Author Topic: Error message: "unknown software exception" when using larger # of processors  (Read 4789 times)

0 Members and 1 Guest are viewing this topic.

Offline Choongman Moon

  • Regular QuantumATK user
  • **
  • Posts: 7
  • Country: kr
  • Reputation: 0
    • View Profile
Dear All,

My calculation is optimizing the structure of graphene, and "the number of k points" are 85.
I'm trying to compare the time taken for calculation when "the number of processors" are 5 and 17 (I have 28 processors in total).

I got the calculation result when using 5 processors,
but I got the error message ".... unknown software exception (0xc000417)......" when using 17 processors.
(please see the attached img file. Error message is written in Korean partially, but I hope you can guess.)

I do not get this error message when the number of processors is below 8,
but when the number of processor is more than 8, say "N" number of processors,
N-8 number of atkpython.exe is forcibly closed about 1 minute after starting calculation.
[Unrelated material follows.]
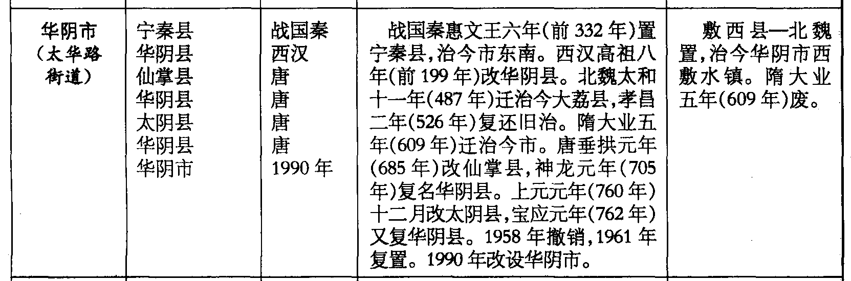 华阴市(太华路街道)宁秦县华阴县仙掌县华阴县太阴县华阴县华阴市战国秦西汉唐唐唐唐1990年战国秦惠文王六年(前332年)置宁秦县,治今市东南。西汉高祖八年(前199年)改华阴县。北魏太和十一年(487年)迁治今大荔县,孝昌二年(526年)复还旧治。隋大业五年(609年)迁治今市。唐垂拱元年(685年)改仙掌县,神龙元年(705年)复名华阴县。上元元年(760年)十二月改太阴县,宝应元年(762年)又复华阴县。1958年撤销,1961年复置。1990年改设华阴市。敷西县—北魏置,治今华阴市西敷水镇。隋大业五年(609年)废。

Please help me solving this problem.
Thank you in advance.

Offline Anders Blom

  • QuantumATK Staff
  • Supreme QuantumATK Wizard
  • *****
  • Posts: 5576
  • Country: dk
  • Reputation: 96
    • View Profile
    • QuantumATK at Synopsys
You may run out of memory... You really have 28 cores on that Windows machine? How much RAM?

Offline Choongman Moon

  • Regular QuantumATK user
  • **
  • Posts: 7
  • Country: kr
  • Reputation: 0
    • View Profile
You may run out of memory... You really have 28 cores on that Windows machine? How much RAM?
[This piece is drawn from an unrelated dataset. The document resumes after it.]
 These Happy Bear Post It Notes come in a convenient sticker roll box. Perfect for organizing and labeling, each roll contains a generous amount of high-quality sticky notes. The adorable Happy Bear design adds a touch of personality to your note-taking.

My windows machine has 56 cores (in 2 sockets) and my ATK licence is for 28 cores (to meet a budget)
In case of RAM, I have 128GB in total.
And when running calculation, the amount of memory usage is only about 10~15GB
« Last Edit: February 20, 2017, 07:14 by Choongman Moon »

Offline Choongman Moon

  • Regular QuantumATK user
  • **
  • Posts: 7
  • Country: kr
  • Reputation: 0
    • View Profile
And one more thing, I do not get this error message when I'm running other python scripts.
Somehow, the attached .py file might have problem.

Offline Jess Wellendorff

  • QuantumATK Staff
  • Supreme QuantumATK Wizard
  • *****
  • Posts: 933
  • Country: dk
  • Reputation: 29
    • View Profile
The script you attached works if executed in serial and in parallel. A few comments:
- The chosen convergence threshold for the unit cell stress is 0.001 GPa, which is extremely low (below the level on numerical noise). This causes the geometry optimization algorithm to take many more steps than needed. I suggest to increase that tolerance to 0.01 GPa, which is still very low, so that only 4 BFGS steps are needed. The full calculation then finishes in 10 seconds if executed in serial!
- Your graphene unit cell is small, and the chosen ATK-DFT calculator settings are not "heavy". There is therefore no need for advanced MPI parallelization with odd numbers of processes. As mentioned above, the calculation should not take much more than 10 seconds if executed in serial on a modern laptop.

Offline Choongman Moon

  • Regular QuantumATK user
  • **
  • Posts: 7
  • Country: kr
  • Reputation: 0
    • View Profile
The script you attached works if executed in serial and in parallel. A few comments:
- The chosen convergence threshold for the unit cell stress is 0.001 GPa, which is extremely low (below the level on numerical noise). This causes the geometry optimization algorithm to take many more steps than needed. I suggest to increase that tolerance to 0.01 GPa, which is still very low, so that only 4 BFGS steps are needed. The full calculation then finishes in 10 seconds if executed in serial!
- Your graphene unit cell is small, and the chosen ATK-DFT calculator settings are not "heavy". There is therefore no need for advanced MPI parallelization with odd numbers of processes. As mentioned above, the calculation should not take much more than 10 seconds if executed in serial on a modern laptop.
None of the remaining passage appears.